Alors que nos auteurs tentent de rassembler de quoi payer leur ticket de train pour aller au salon du livre du coin, c’est ici le 50% des bénéfices qui vont à l’auteur. Synopsis, extrait, possibilité de discuter avec l’auteur sur un forum, tout est mis en oeuvre pour promouvoir une idée d’écriture.
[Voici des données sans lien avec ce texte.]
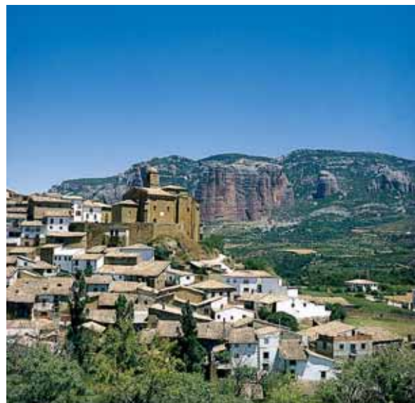
Vue des Mallos

Finalement, le touriste peut visiter la dernière étape du Chemin Français de Santiago en Aragón dans la région de la Jacetania avec ses impressionnants ensembles comme ceux de Salvatierra de Escá, Mianos, Artieda ou Sigües.
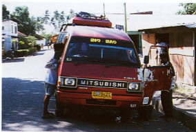
10.レンバータ島で借りた小型レンタバス。レンバータ、アロール、チモール等、NTT州東部では小型レンタバスがとても道路とは思えない「小径」にでも乗り入れてくれる。レンタバスに乗っているときは少々怖い調査は非常に楽である。
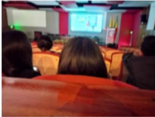
Proyección en Universidad de Nariño 14-10-2022
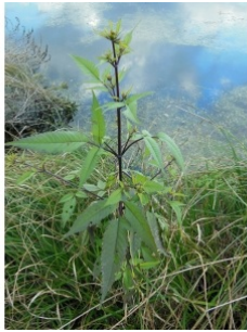
à inconnu observée le 1 décembre 2013 par Quentin Lebastard

Réseau Tela botanica, Programme Flora Data, version dynamique.
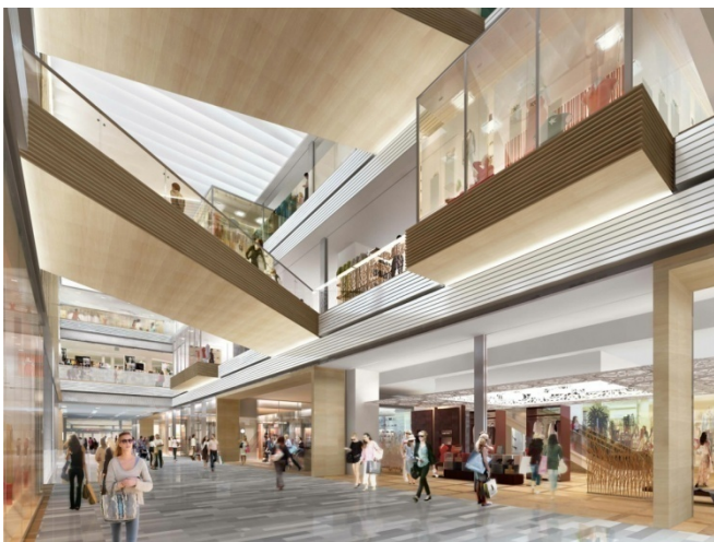
歩行者通路（2階）イメージ
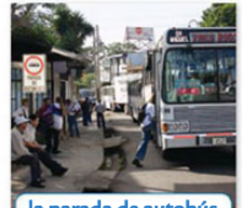
la parada de autobús
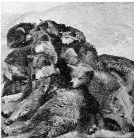
Famille de chiens eskimo de traîneau de la côte Ouest du Groenland.

S'ils mangent à leur guise toute la journée, ils se développent vite et bien. Un chiot repu est celui qui refuse de manger de la viande. Son petit ventre est parfois tellement plein qu'il a peine à marcher et que, quand il s'assied, il
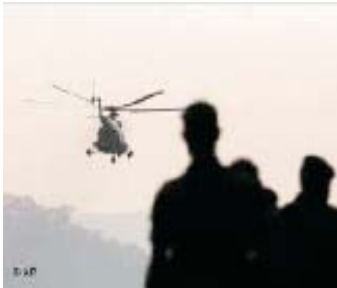
Un helicóptero de la Cruz Roja Internacional recogió a cuatro ex congresistas secuestrados por las FARC.

Francia ha querido, sin éxito, hacer “rehabilitar” a Chávez. ¿Cómo ve Ud. la actitud de Sarkozy ante el problema?
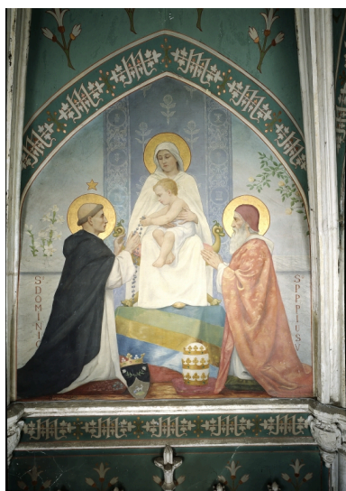
Chapelle de la Vierge : mur ouest. IVR82_19910100875PA
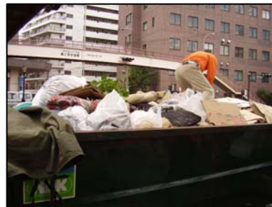
◆大量のゴミを撤去しました
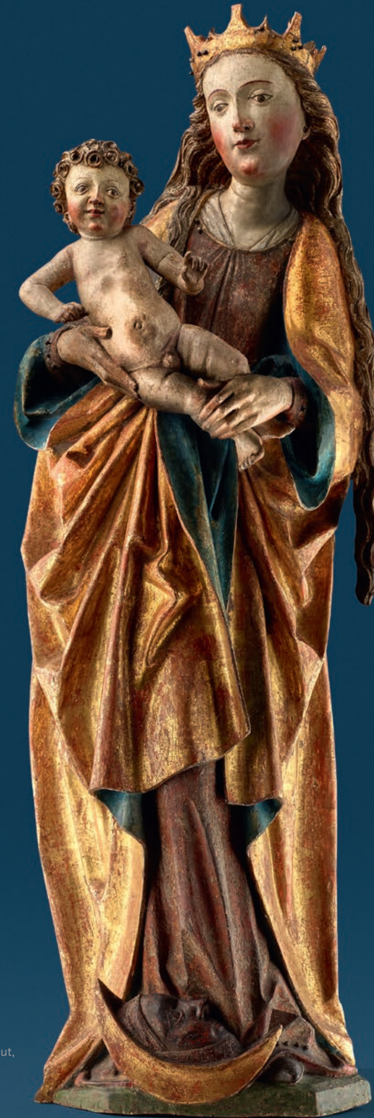
Maria mit Kind Nürnberg, um 1480/90 Lindenholz, rückseitig gehöhlt, originale Fassung Höhe: 107 cm
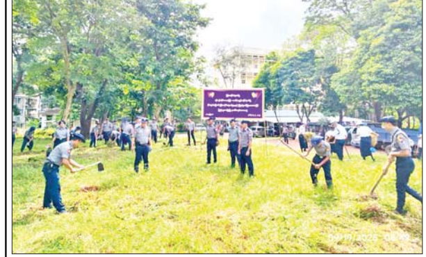
နေရောင်အောက်က သက်ရှိတွေကို စောင့်ရှောက်ဖို့ အိုဇုန်းလွှာကို ထိန်းသိမ်းစို့
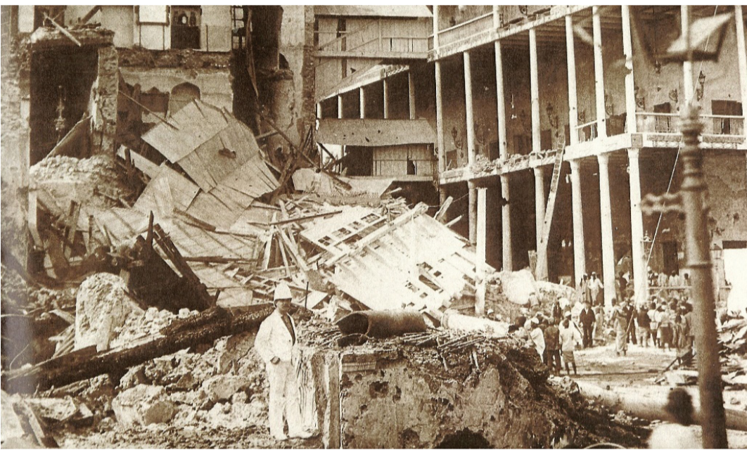
بيت الحكم وقد تهدم بالكامل، وأضرار متوسطة في بيت العجائب
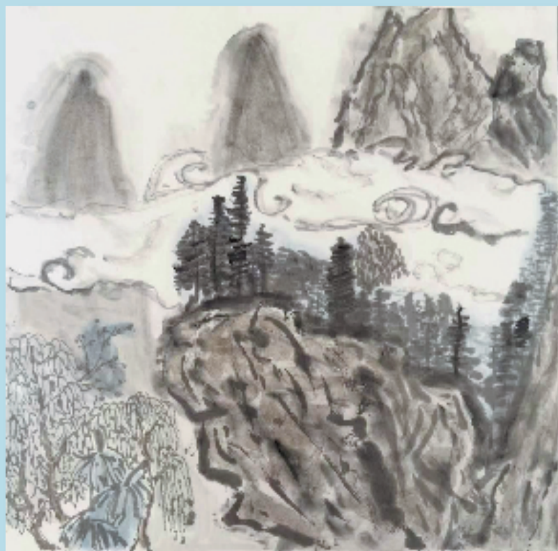
黄炫华(11岁 中山市东区香山小学) 云雾缭绕

Mais c’est surtout la vidéo de présentation qui est en charge de faire la promotion de l’ouvrage à subventionner. Rêvez-vous de lire cette nouvelle post-apocalyptique, Tatterdemalion? C’est une vidéo qui vous en convaincra, musique et dosage émotionnel à l’appui. Et c’est là sans doute la pointe d’humour de l’entreprise: c’est le voir et l’entendre, l’image et le son, qui vendent l’écriture.

Unbound est peut-être en train de tellement bien «délivrer» le livre, que la plateforme pourrait conduire à aller plus loin qu’elle, de fait. Car, j’en suis convaincue, l’enjeu des transformations de la lecture n’est pas ce binôme tristounet «paper or not paper», qu’on nous rappelle régulièrement pour s’en réjouir ou s’en lamenter. Le digital nous met face à une autre radicalité: voir l’écriture devenir une forme d’expression parmi d’autres, provoquée sans cesse par l’image et le son, au sein d’une “littératie multimodale” pour le dire savemment, ou au sein d’une culture qui marie texte, image et son, pour le dire rapidement.

Sans flagornerie, je soulignerai ici combien ce journal qui accueille nos blogs se montre être à temps via les applications multimédia qu’il développe, les «labs». Elles me sont un excellent objet d’étude, à voir les journalistes à l’oeuvre de cette production multimodale: tantôt ils maintiennent ferme le leadership de la voix de l’auteur et conservent un goût pour la linéarité malgré tout, tantôt ils se livrent à des concurrences de points de vue, par exemple dans cette série où l’audio et l’écrit décidément ne vous brossent pas le même tableau. Je fais le pari qu’Unbound, ou son petit frère, offriront bientôt à leurs auteurs de pouvoir créer ce type d’objet culturel. Du côté artistique, certains foncent: allez donc voir/lire/entendre «où le monde double s’effondre» de l’écrivain François Bon. J’y reviendrai dans un autre blog.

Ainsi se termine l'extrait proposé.